Eagle eyed viewers will probably note that I have already completed a 5km run at Cultus Lake, however, that was mostly on flat trails and beach which are rather more forgiving on the body than the concrete paths of City Park. I had also been very conservative during the run as my ankle was clearly barely healed, and was hoping to feel some significant improvement.

I got there in time to watch the inspiring, traditional parade of Survivors across the stage. Then it was a quick warm-up (which ironically turned out to be harder on the ankle than the run, lateral movements being more painful) and we were off.

The Run for the Cure is not a competitive event, with many people walking the distance. This helped me to pace myself at the start. I forced myself to keep running, trying to quash the aforementioned ‘what if’ analysis going on in my head. I told myself I would stop if any pain presented itself.

“Yeah, of course you will!”

About half way around, I began to believe that I could do this, around 3.5km I saw a friend cheering (Maybe not specifically for me, but it still made me smile). As I came back into the park, about 500m to go I wondered if I could speed up into the finish.

”What’s the worst that could happen?”

No, don’t answer that.

I gave it a try. Just a little faster.

I crossed the line in 30.47

A PB!!

By only 2 seconds, I admit, but still the fastest 5km I have ever run.

RFTC1

Two weeks later was the Okanagan Marathon, which has a number of shorter races attached for those of us not quite fit enough or crazy enough for 42km. I had planned to do 10km, but on reflection, I decided it would be smarter to stick to 5km at this stage in the game.

Smart, yes, that’s me.

Some might question, since I was being so smart, why I then entered into a bet to try and crack 30 minutes.

Under 30minutes = buy breakfast

No we do not need to analyze why winning the bet left me liable for the post race meal, contrary to usual betting practice – I was obviously blinded by the excitement.

I admit that I made this bet fairly safe in the knowledge that it couldn’t happen, but as my mother always said, “It’s the thought that counts”, and I was thinking fast. I’m sure she also shared many other wisdoms over the years that may have been useful here such as:

“It’s not the winning it’s the taking part” or perhaps “Maybe you should give this more thought…”

In the event everything went remarkably well.
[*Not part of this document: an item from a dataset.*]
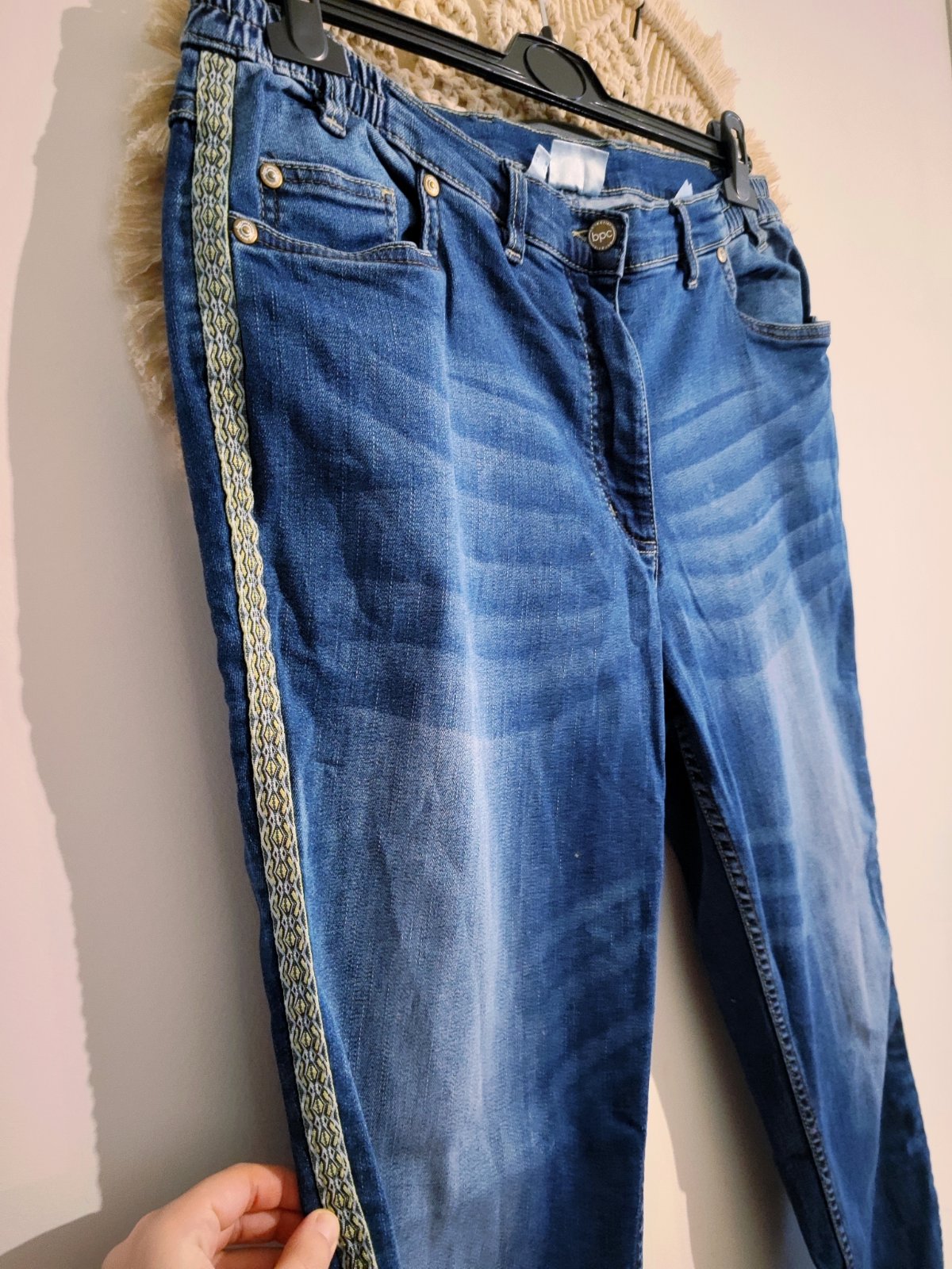 nové, boli mi veľké a nestíhala som vrátiť. Farba ako na detailnej fotke. Vpredu aj vzadu po 2 funkčné vrecká Veľkosť uvedená 44, ale sedia na v. 46. Pridávam rozmery: pás v kľude 2 x 45 cm, natiah...
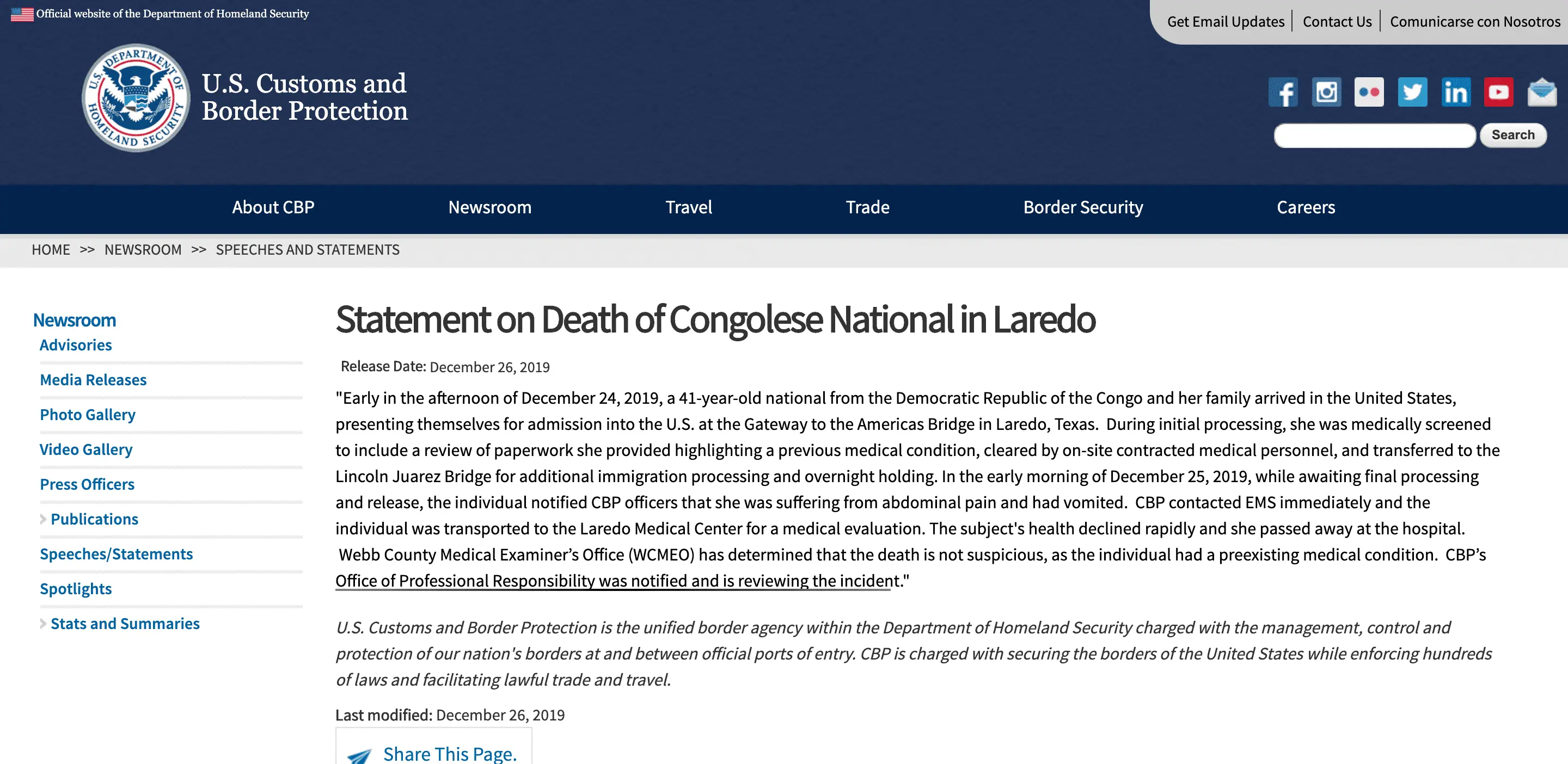 Statement on Death of Congolese National in Laredo | U.S. Customs and Border Protection

Almost boringly so in fact, you definitely don’t need a running commentary (awesome pun – sorry about that). The pain in my leg wasn’t particularly worrisome and I felt strong throughout.

This time I knew I could make a fast finish.

So I did.

When I turned into the finish straight, my eyes immediately sought out the clock.

What did it say?   It starts with 29

“Run faster”

“You can’t get there before 30”

“Run faster anyway

The.

Longest.

100m.

Of.

My.

Life.

30:12

Take into account the seconds before I crossed the start line in this non chip timed event and my GPS confirmed, I missed the 30 minute mark by 6 seconds!

It’s funny how knocking 40 seconds (yes, 40 seconds!) off your PB can somehow be negated by coming in at 30:06. – Runners are weird like that.

Hey did I just call myself a runner?

BMO5

Classic runner shot, turning off my GPS instead of smiling for the camera!